Friday, January 22, 2016

A new species of high elevation Liolaemus (Family Liolaemidae)

Liolaemus uniformis. Photo credit:  Jaime Troncoso-Palacios
During a field trip at 3000 metres above sea level, a group of scientists, led by Jaime Troncoso-Palacios, Universidad de Chile, discovered a new endemic lizard species, in the mountains of central Chile, scientists. Noticeably different in size and scalation, compared to the rest of the local lizards, what initially grabbed the biologists' attention was its colouration. Not only was it unlike the already described ones, but also appeared surprisingly consistent within the collected individuals, even regardless of their sex. Eventually, it was this peculiar uniformity that determined the lizard's name Liolaemus uniformis. The study is published in the open-access journal ZooKeys.

The researchers found the lizards quite abundant in the area, which facilitated their observations and estimations. Apart from a thorough description of the new iguana along with its comparisons to its related species, the present paper also provides an in-depth discussion about the placement of the new taxon, which had been confused with other species in the past.
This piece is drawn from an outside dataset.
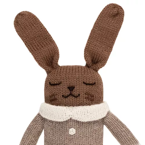 Het konijnenknuffeltje kan aan zijn lange armen en benen makkelijk vastgepakt worden om mee op pad te gaan. De alpacawol voelt zacht aan en is hypoallergeen en antibacterieel.

While most of the other lizards from the area and its surroundings often vary greatly in colouration and pattern between populations and sexes, such thing is not present in the new species. Both males and females from the observed collection have their bodies' upper side in brown, varying from dark on the head, through coppery on the back and light brown on the tail. The down side of the body is mainly yellowish, while the belly -- whitish. The only variables the scientists have noticed in their specimens are slight differences in the shade with two females demonstrating unusual olive hues on their snouts. These differences in morphology were also strongly supported by the molecular phylogeny through the analysis of mitochondrial DNA, which was performed by Dr. Alvaro A. Elorza, from Universidad Andres Bello.

Accustomed to life in highland rocky habitats with scarce greenery, these lizards spend their active hours, estimated to take place between 09:00 h and 18:00 h hidden under stones. However, they might not be too hard to find due to their size of about 8.5 cm for the males and their abundance in the studied area. The females are more slender and measure 7 cm in length on average.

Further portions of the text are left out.